Things to Do in Fort Wayne and Beyond

Comedian reopens The Clyde with laughs

Sinbad to entertain social-distance crowd

Michele DeVinney

Whatzup Features Writer

Published September 9, 2020

It has certainly been a while since a national act visited Fort Wayne — or anywhere else for that matter. Left to mostly livestreaming and virtual entertainment experiences, it seemed it might be many more months before someone of national acclaim came to the Summit City. 

But that drought has finally ended with a performance by Sinbad at the Clyde Theatre.

Outspoken Talent 

Sinbad may not be a name on the tip of your tongue, but he continues to have a solid reputation as a stand-up comedian, one which has helped him maintain his popularity with audiences.

The singularity of the name probably helps because there is really only one Sinbad to fans of TV in the late 1980s and early ’90s. The Redd Foxx Show had Sinbad playing Foxx’s son, but it proved to be no new Sanford & Son and left the air rather quietly and quickly. 

But that failed sitcom gave Sinbad the opportunity to appear on a far more well-known and highly watched show, A Different World. On this successful spin-off to The Cosby Show, one of the most popular programs of the decade, Sinbad had a recurring role and found his star rising along the way. 

His own family-oriented sitcom followed in 1993, and his stand-up career never waned, balancing out appearances on television and in film.

When he visits The Clyde next week, fans can expect much of the same humor they’ve seen in the past. Outspoken on Twitter about recent social unrest, Sinbad also appeared on Celebrity Apprentice a decade ago, no doubt providing him with plenty of fodder for the current political reality. 

No time for jealousy

He concedes that it can be tough to stay afloat in the crowded comedy field, something he noted in a 2018 interview with Revolt.TV.

“Sometimes comics who are not as funny as you are are the ones that Hollywood picks,” he said. “You go, ‘Damn, what?’ You’re out here killing it and they grab this cat, but you can’t be mad. If it had been you, would you be mad? You gotta just keep moving. Like horses when they race, they have on blinders so that they can’t see other horses.”

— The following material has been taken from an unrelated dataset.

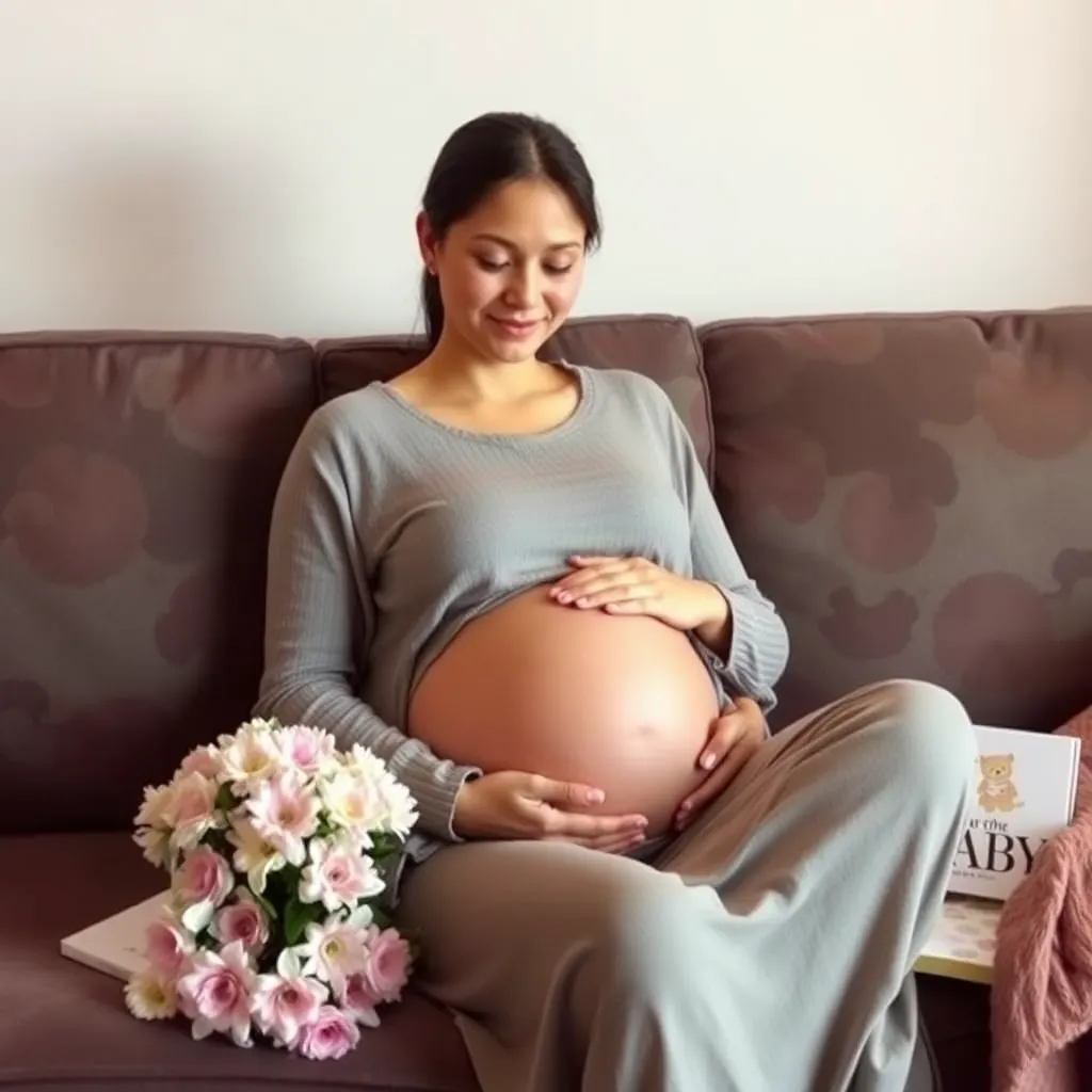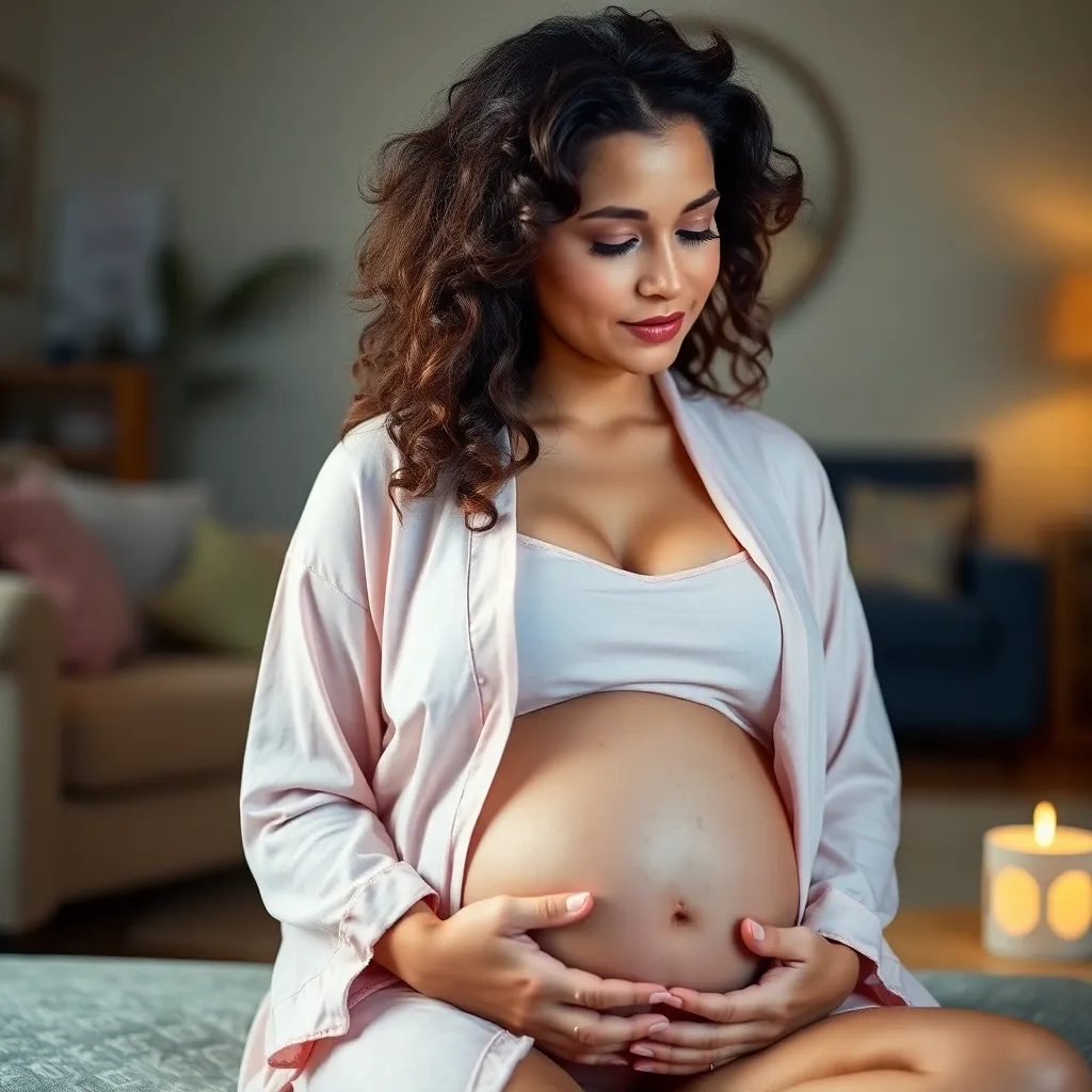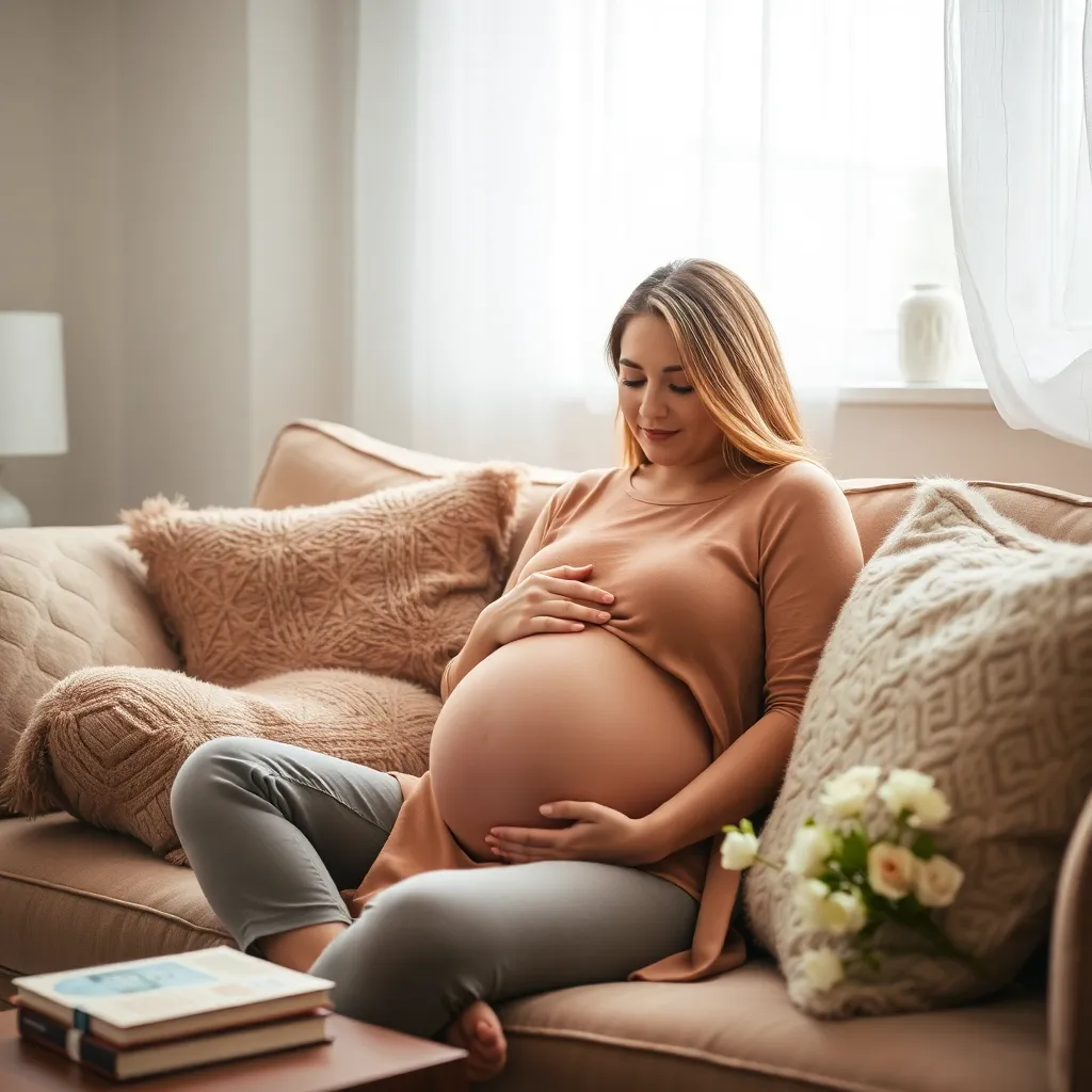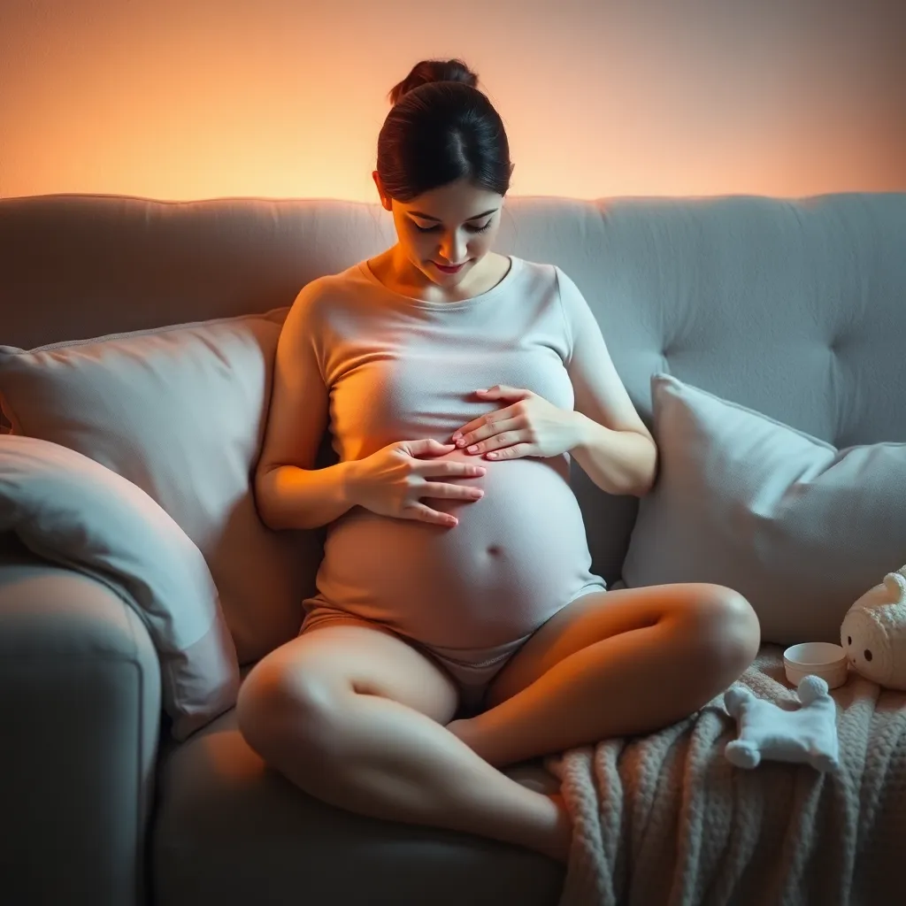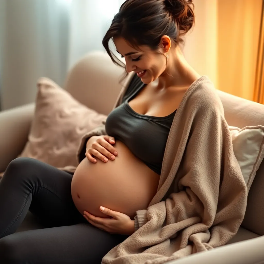 Create an image of a serene and expectant mother, surrounded by soft lighting and calming colors. She's sitting on a plush couch, cradling her growing belly, with a gentle smile and closed eyes. Incorporate subtle hints of baby essentials, like a onesie and a pacifier, to complete the intimate scene.

He also looks out for the overall success of other African American performers in a quote from that same 2018 interview, a statement that seems even more poignant in the wake of the death of Chadwich Boseman last week.

“We were so happy to see black people, black heroes, dark skin, bald heads — I said, ‘Jesus, that was the most eclectic group of Blacks I think we’ll ever see in another movie.’ Now the key is what are you going to do next, because sometimes success almost scares them like, ‘Look man, that almost worked too well, because now we can’t say that it doesn’t work.’”

Sinbad continues to incorporate his family life into his work, something that can be seen and heard in his stand-up routines. 

Featured in popular HBO specials like Afros and Bellbottoms and Son of a Preacher Man, he also wrote a book, Sinbad’s Guide to Life, in which he further recounts the hilarity of everyday life and even drops a name or ten along the way.

“My friend Oprah Winfrey, on her TV show, has called me ‘the funniest man on the planet,’” he wrote. “That was kind of embarrassing — but if Oprah wants to think I’m funny, who am I to argue?”

Thanking his influences

Born to a Baptist minister and his wife in Benton Harbor, Mich., Sinbad (born David Adkins) grew up with five siblings, later attending the University of Denver and serving in the United States Air Force. 

While all of that might sound rather serious, Sinbad is quick to credit his father with much of his humor — and no doubt a good deal of his material.

“My dad died when I was a grown man and my dad was a funny man. I remember what he said and did and how it was funny,” he said in a 2015 interview with The Press-Enterprise. “Yes, it is a tragedy and it’s hard to find humor in life sometimes, but it’s even harder to find it in death.”

Also in that interview, he shared his comedic influences which are remarkably eclectic and cover many generations of comic genius.

“I knew right then that I wanted to be a comedian,” he said of his dreams as a five-year-old child. “There wasn’t HBO or anything like that. But there were great talents that inspired me. It was people like Richard Pryor, Redd Foxx, Flip Wilson, Sid Caesar, and Jonathan Winters. Red Skelton was a huge influence.”

With life still uncertain and cancelations extending into 2021, this is a unique opportunity to see a comic legend at work. One can only imagine what his take on real life is when life no longer seems real.